BEGIN Stored data
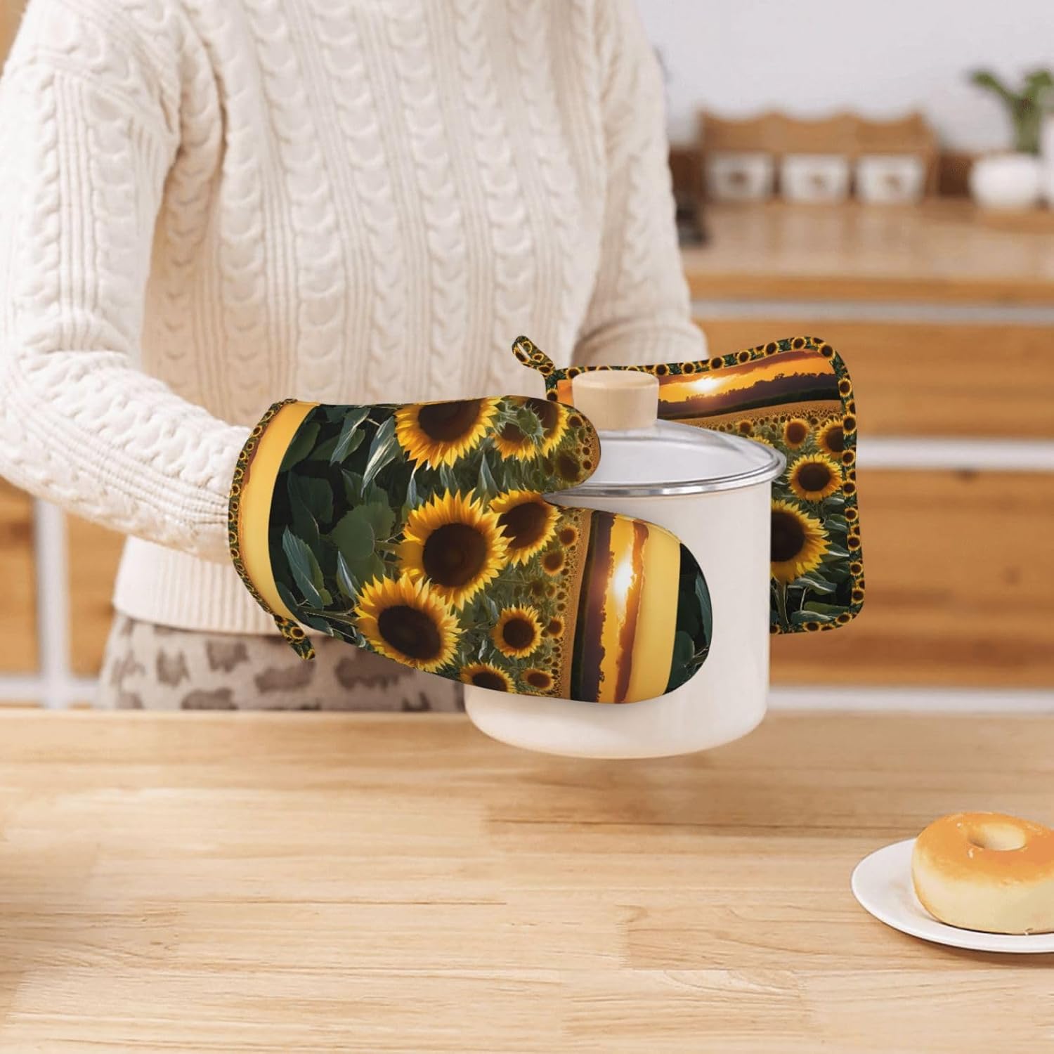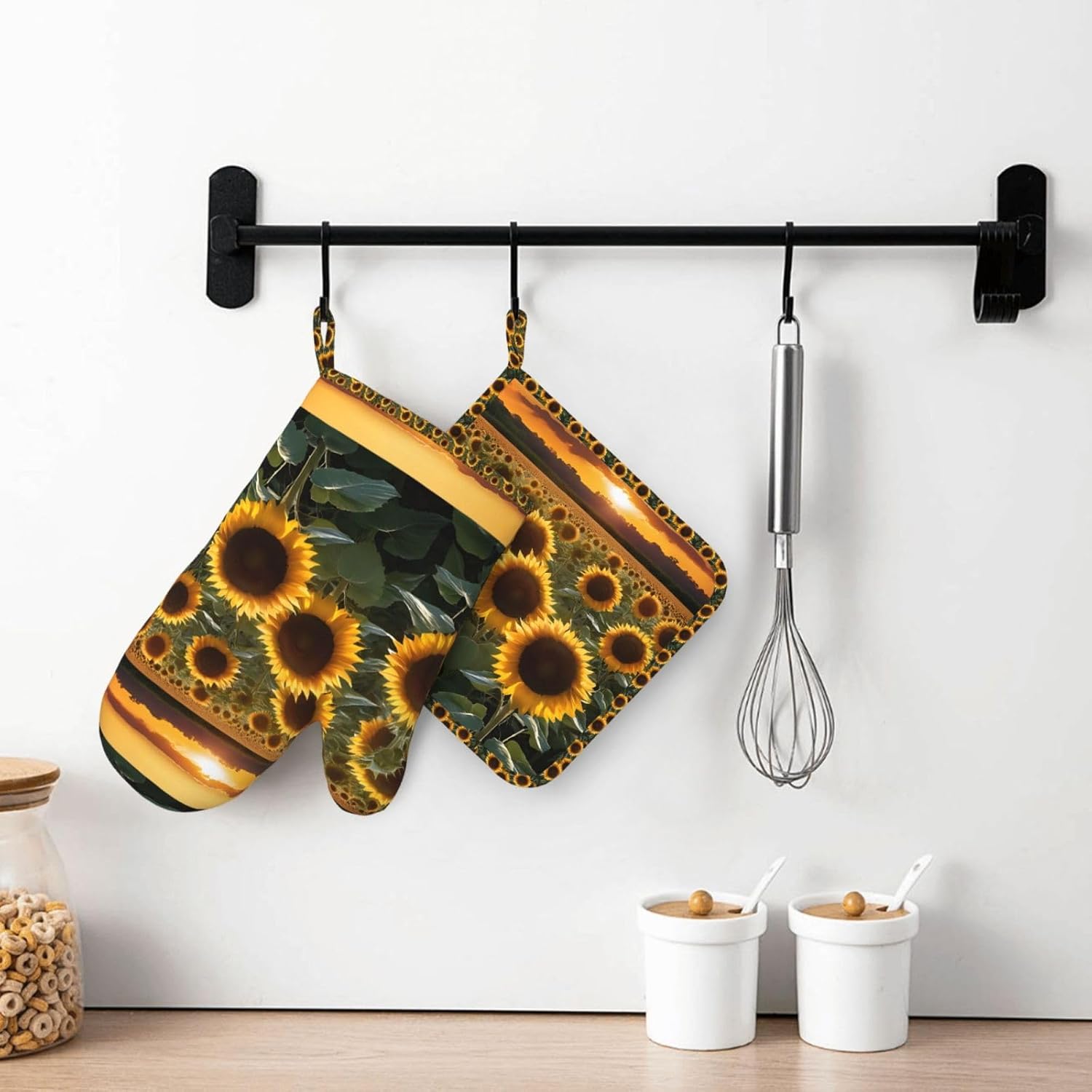 Oven Mitts and Pot Holders for Outdoor Cooking Baking BBQs Heat Resistant Polyester Silicone Oven Gloves Hot Pads, Kitchen Accessories Must Haves List – Farm Sunflowers
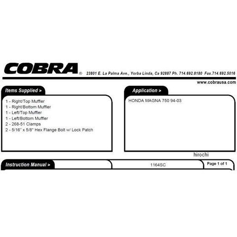 コブラ COBRA スリップオンマフラー スラッシュカット 94年-03年 マグナ VF750C
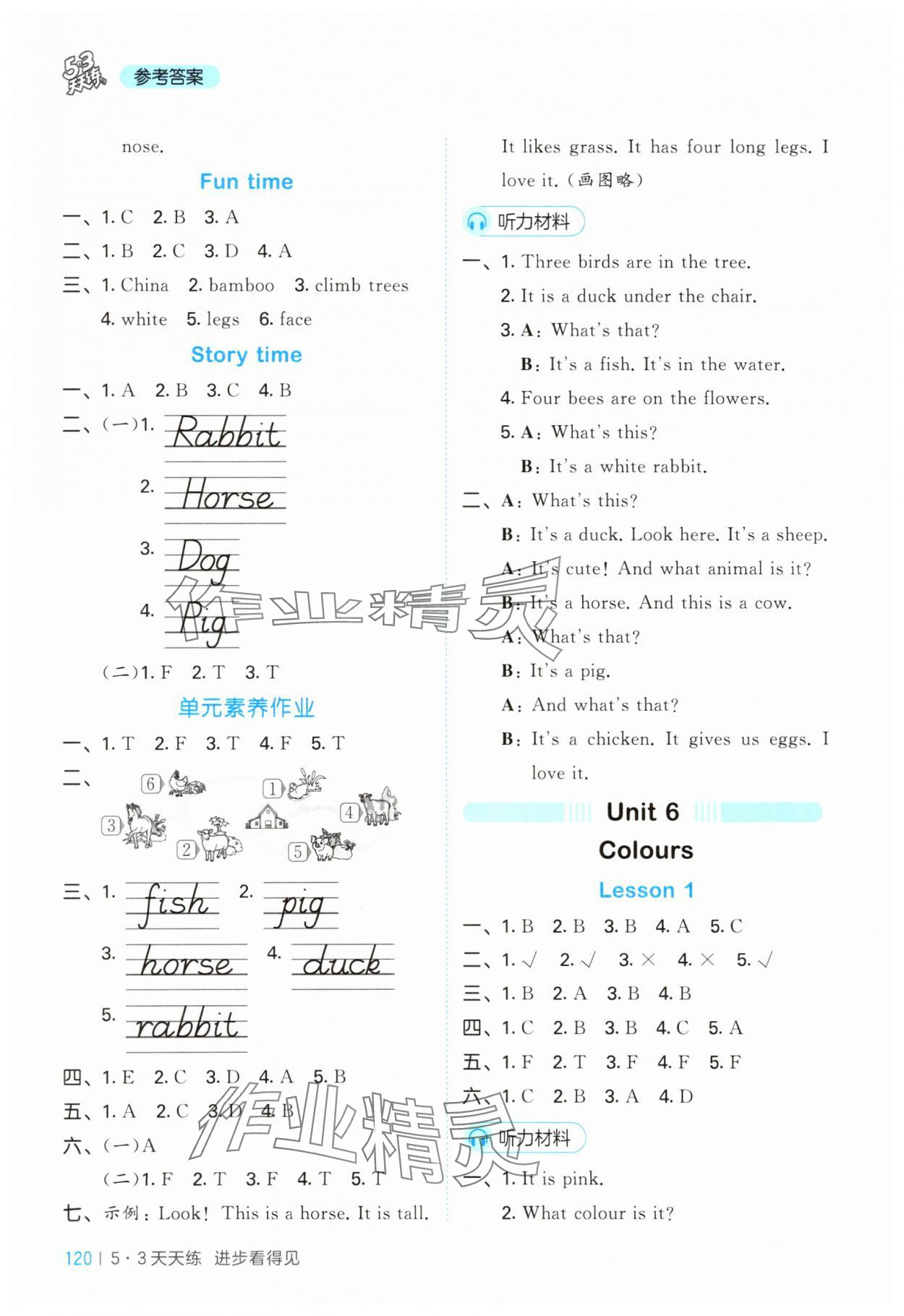 注:目前有些书本章节名称可能整理的还不是很完善,但都是按照顺序排列的,请同学们按照顺序仔细查找。练习册 2025年53天天练三年级英语下册人教精通版 答案主要是用来给同学们做完题方便对答案用的,请勿直接抄袭。
END Stored data
-- Aim of the task --
What is needed is the whole listing again, set down exactly, without its pictures.

-- Output --
 Oven Mitts and Pot Holders for Outdoor Cooking Baking BBQs Heat Resistant Polyester Silicone Oven Gloves Hot Pads, Kitchen Accessories Must Haves List – Farm Sunflowers
 コブラ COBRA スリップオンマフラー スラッシュカット 94年-03年 マグナ VF750C
 注:目前有些书本章节名称可能整理的还不是很完善,但都是按照顺序排列的,请同学们按照顺序仔细查找。练习册 2025年53天天练三年级英语下册人教精通版 答案主要是用来给同学们做完题方便对答案用的,请勿直接抄袭。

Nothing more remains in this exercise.